ハラスメント三重奏で迫ったばかりかあの出来事も脅しの材料にするのか。
本当にこの人は大きな子供のようだ。
ここを辞めて他の科や他所の大学に行く選択肢はある。でも彼の知識と技術は吸収したい。なら答えは……


「絶対に秘密にしてください。……業務時間内には嫌です。休日や学外もです。この部屋で以外触らないで下さい」

こちらの条件を挙げてみる。彼はそれを検討しているようだ。
手軽に抱くのだから学内限定だし、仕事優先なのは当然だろう。
医局の人たちにばれたらお互い今後がやりにくい。

「他の女性と関係したら感染症のチェックを。というよりそちらに本気になってください」

彼は私のうなじに手を添える。そこに力がこめられ引き寄せられる。

「お互い他の人に本気になったら終えよう。その条件で結構だ。俺は時間を、君は技術と知識を手に入れる。
業務時間が終わって学内にいれば誘いを無視しないで応じて欲しい」

そう言って彼は口付けてきた。唇を甘噛みされ舌でなぞられる。
促されて少し開けた隙間から彼の舌が入り込む。口の中をゆっくりとうごめき私の舌を探り当てた。
舌をからめられて息が苦しくなってくる。
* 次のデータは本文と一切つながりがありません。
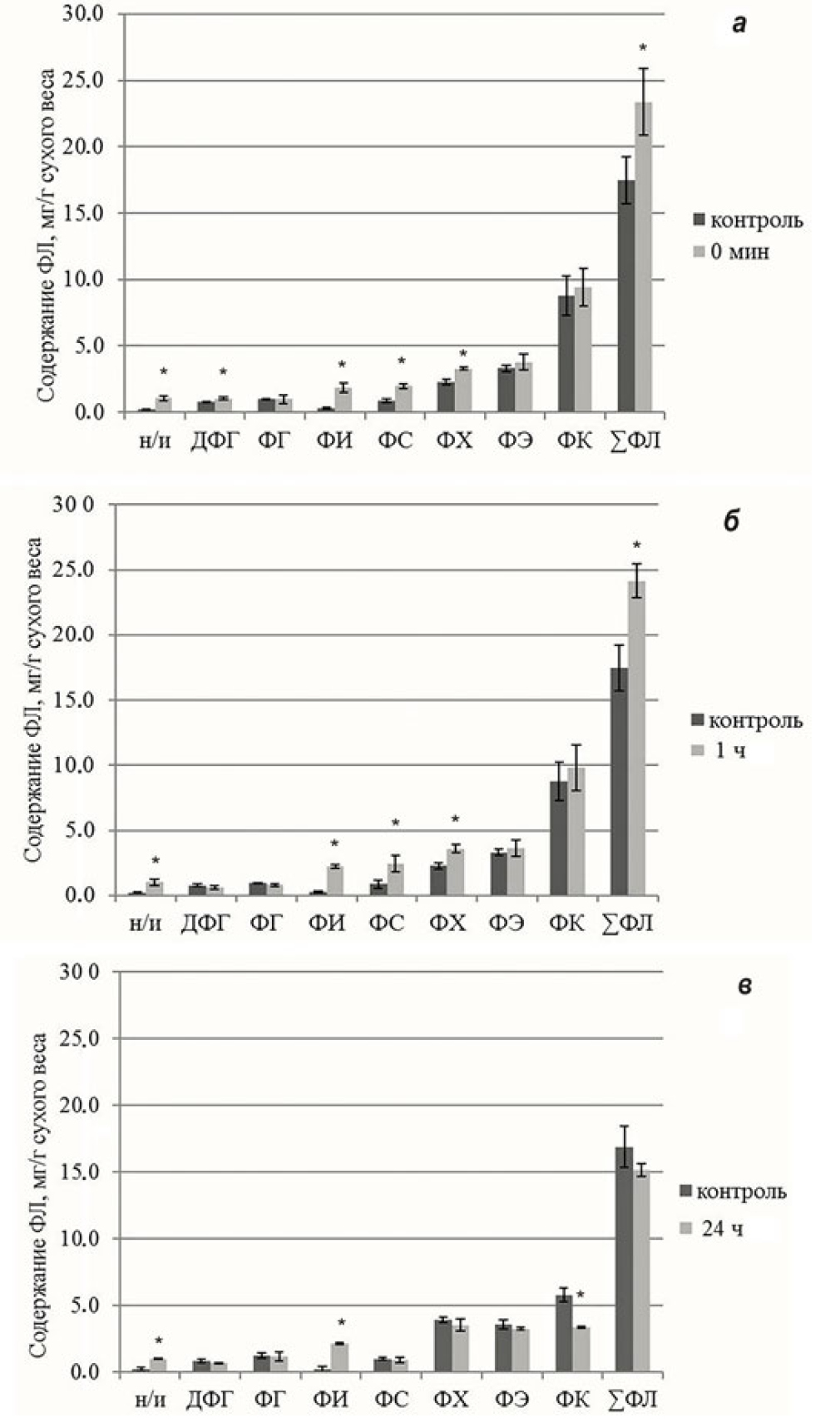 Рис. 1. Содержание фосфолипидов в тканях каллусов пшеницы (T. aestivum) сразу (а), через 1 (б) и 24 ч (в) после облучения НИЛИ He-Ne-лазера дозой 3.6 Дж/ см2. Приведены средние арифметические величины пяти биологических повторностей и их стандартные отклонения. Достоверность различий оценивали с помощью t-критерия (p < 0.05).

いつの間にか背を撫でる手を受け入れていた。

彼の手が白衣のボタンにかかるのを感じ慌てて離れた。

「教授、駄目です。このあとも用事があります」

彼は不機嫌そうにむくれているがこっちの知ったことではない。

「いつ終わる?」

頭の中で計算する。あれとこれをやって、書類を出して……

「一時間くらいです」
「分かった。それが終わったらおいで。必ずだよ。逃げるのは許さない」

ようやく開放されて教授室を出た。
自己保身も働いた上で彼の欲望処理係ともいえる関係を了承してしまった。
どうしてそうなった。自分でも良く分からないままとりあえず書類を医局長に出すべく廊下を歩き出した。

終わり?


おまけ

「大学院に進学します」

どんなに嬉しかったか君は知らない。
これで四年間は俺の傍にいてくれる。嬉しくてその願書に必要以上の力をこめて押印したくらいだ。
おまけに今後まで約束できた。
全身全霊で君を育てよう。一人前の医師になるように。
一時間後に、と約束させた。
待ちきれないが仕事を済ませてしまおう。決して邪魔が入らぬように。